Kamis, 18 Februari 2010

Citra versus Etika

Menurut kamus Bahasa Indonesia, pengertian citra adalah rupa atau gambaran. Citra atau gambaran seorang individual seringkali dinilai dari luar maupun dalam. Gambaran dari luar biasanya dinilai dari bagaimana individu itu berpenampilan, sedangkan gambaran dari dalam biasanya dinilai melalui perilaku individu tersebut.
Hal yang sama berlaku pula untuk organisasi, lembaga atau kelompok komunitas yang melibatkan banyak individu yang terhimpun dalam satu wadah. Citra organisasi dapat dinilai berdasar bagaimana organisasi tersebut menyikapi suatu permasalahan. Tetapi, organisasi juga dapat dinilai berdasar tampilan luar mereka, misalnya fasilitas yang mereka miliki.

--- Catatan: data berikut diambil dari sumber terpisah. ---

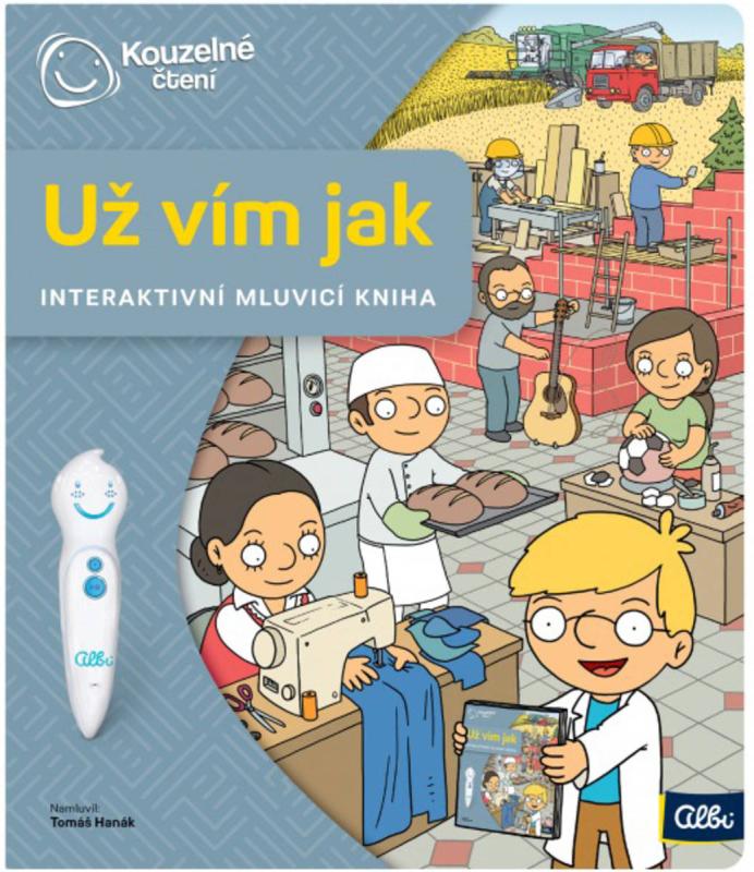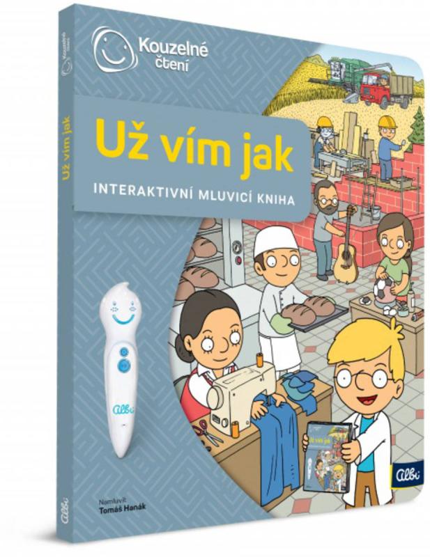 Už vím jak - Interaktivní mluvicí kniha z produktové řady "Kouzelné čtení" od Albi.Také vás vždy zajímalo, jak se vyrábí různé věci kolem nás? Jak se staví dům, jak se vyrábí jídlo, nádobí, oblečení nebo zábava? A v neposlední řadě: jak vlastně vznikla tato mluvící kniha? Na všechny tyto otázky a mnoho dalších vám odpoví průvodce Vojta, který knihu Už vím jak z edice Kouzelné čtení sám napsal a namaloval a objevuje se na jejich stránkách. Najdete ho všude? Vojta vám to vysvětlí. Kniha Už vím jak obsahuje přes 2 500 zvukových stop.

Sedangkan, menurut Kamus Bahasa Indonesia, pengertian etika adalah ilmu pengetahuan tentang asas-asas akhlak (moral). Etika individu atau organisasi hanya dapat dinilai dengan bagaimana mereka menyikapi individu lain, organisasi lain, atau sebuah permasalahan.
Etika erat kaitannya dengan citra. Citra bisa sangat tergantung dengan etika. Ketika etika individu atau organisasi dinilai tidak baik, maka saat itu juga citranya dinilai tidak baik.
Saat ini, masyarakat banyak meributkan mengenai pemerintah yang berusaha lebih meningkatkan citra mereka dengan beragam fasilitas mewah dibanding mengurusi masalah-masalah di masyarakat. Sebagai contoh konkret, adanya wacana pembelian pesawat kepresidenan yang menghabiskan dana negara tujuh ratus milyar rupiah, perbaikan pagar istana negara yang memakan biaya dua milyar, dan pemberian fasilitas mobil dinas kepada anggota parlemen seharga satu koma tiga milyar per mobil. Belum fasilitas rumah mewah yang disediakan bagi anggota DPR-RI dan kenaikan gaji yang sebentar lagi akan mereka dapatkan.
Sungguh suatu ironi yang tragis. Masalah kemasyarakatan masih banyak terjadi dimana-mana. Berbagai masalah sosial yang banyak terjadi, misalnya saja masih banyak anak yang menderita gizi buruk, pencurian dan perampokan, kelaparan, belum tersedianya fasilitas yang memadai di daerah-daerah terpencil, dan masih banyak lagi, belum ditanggapi secara serius. Di saat rakyat sedang menderita, pemerintah dan kalangan elit malah berusaha meningkatkan citra luar mereka.
Berbanding terbalik dengan citra luar, pemerintah sepertinya tidak berniat meningkatkan citra dalam mereka, dalam hal ini etika. Hal ini dapat dilihat paling jelas dalam rapat anggota Pansus Century beberapa waktu lalu. Saat itu, beberapa anggota elit pemerintahan malah bersitegang dan mengeluarkan kata-kata yang tidak sepantasnya dikeluarkan. Apalagi, rapat yang dimaksud adalah rapat untuk menyelesaikan masalah besar negara yang sangat ditunggu penyelesaiannya oleh banyak pihak. Rapat yang seharusnya dilangsungkan dengan kepala dingin dan etika rapat yang baik, malah berlangsung dengan kepala panas yang mengakibatkan etika rapat seperti dilupakan.
Peningkatan citra luar yang dilakukan pemerintah tidak diikuti dengan peningkatan citra dalam, yang seharusnya lebih penting. Jika pemerintah ingin rakyat lebih mengapresiasi dan menghargai pemerintah, maka seharusnya pemerintah dapat meningkatkan citra mereka, lebih-lebih citra yang memihak rakyat. Caranya dapat dilakukan dengan meningkatkan kinerja, tidak mengeluarkan kebijakan yang bertentangan dengan kondisi rakyat sekarang, dan masih banyak cara lain lagi yang dapat dilakukan.
Dengan begitu, diharapkan antara rakyat dan pemerintah dapat terjadi kesinambunga, saling mendukung.